To their credit, distributor Warner Bros. has treated Destin Daniel Cretton's throwback legal thriller about an idealistic attorney (Michael B. Jordan) working to free a wrongly convicted Alabama man on death row (Jamie Foxx) almost as much as a social justice platform as a movie. The film's real-life lawyer, Bryan Stevenson, has regularly spoke at screenings since well before its release, and WB made the film free to rent on streaming platforms this month for "those who are interested in learning more about the systemic racism that plagues our society."

And while this one might seem a little obvious, for a look up north during the same time frame, head to the humid Brooklyn block Spike Lee staged his breakout drama Do the Right Thing (1989) on.
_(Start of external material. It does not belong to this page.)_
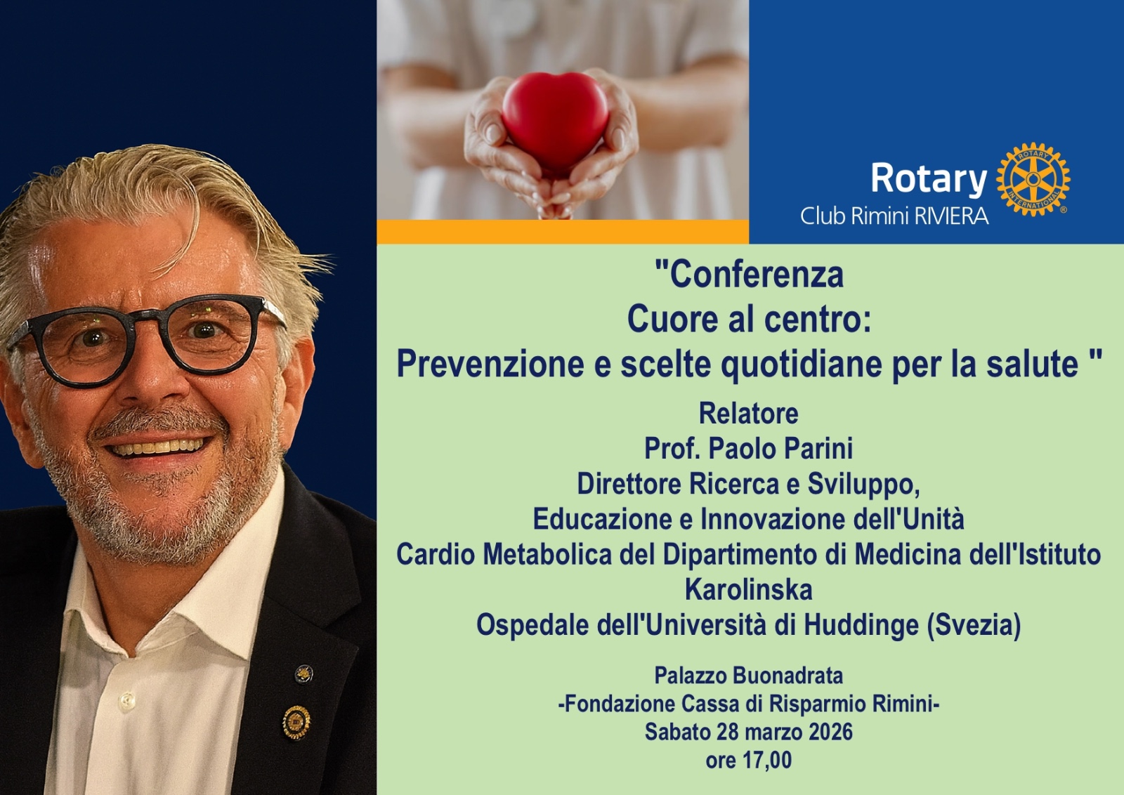 Il nostro Rotary Club Rimini Riviera torna a parlare, in questa IIa Edizione, di salute alla cittadinanza insieme al Rotary Club Rimini grazie al Prof. Paolo Parini, Professore di Chimica Clinica presso il Karolinska Institutet (Stoccolma - Svezia) e Direttore Ricerca, Educazione, Sviluppo & Innovazione. La conferenza aperta, come Service, alla cittadinanza vedrà trattare tematiche legate alla prevenzione ed alle scelte quotidiane per la salute. I nostri Soci Dr.ssa Giovanna Di Giannuario e Dr. Mauro Merli (Commissione Salute del Rotary Club Rimini Riviera) coordineranno i diversi momenti del convegno relativi alle conoscenze scientifiche per la prevenzione cardiovascolare ed ai comportamenti che proteggono il cuore.

Police brutality victim Radio Raheem (Bill Nunn) would become a symbol of all black men unjustly killed by police ever since.

Rent Just Mercy for free on Amazon, YouTube, Google Play or Vudu.

Fruitvale Station (2013)

Time period: 2008-2009

Before Ryan Coogler went on to direct Creed and Black Panther, he helmed this devastating indie about the final day in the life of Oscar Grant (Michael B. Jordan), who was shot in the back by a San Francisco/Oakland BART police officer attempting to break up a fight just past midnight on New Year’s morning 2009. Grant's death was one of the first police killings widely circulated after being caught on cell phone cameras, and lead to the sentencing of officer Johannes Mehserle, who says he mistook his gun for a taser.

Watch Fruitvale Station for free on Tubi.

The Hate U Give (2018)

Time period: Present Day

From the opening moments in which an African American father has "the talk" with his children — instructing them on how to conduct themselves when inevitably stopped by the police — George T. Tillman's adaptation of Angie Thomas's popular YA novel is a raw and deeply felt experience. When one of those children's (Amandla Stenberg) friends is later gunned down by police during a routine traffic stop, it's not directly based on any specific shooting, but representative of the epidemic our country faces as a whole.

Rent The Hate U Give for free on Amazon, Google Play, or Vudu.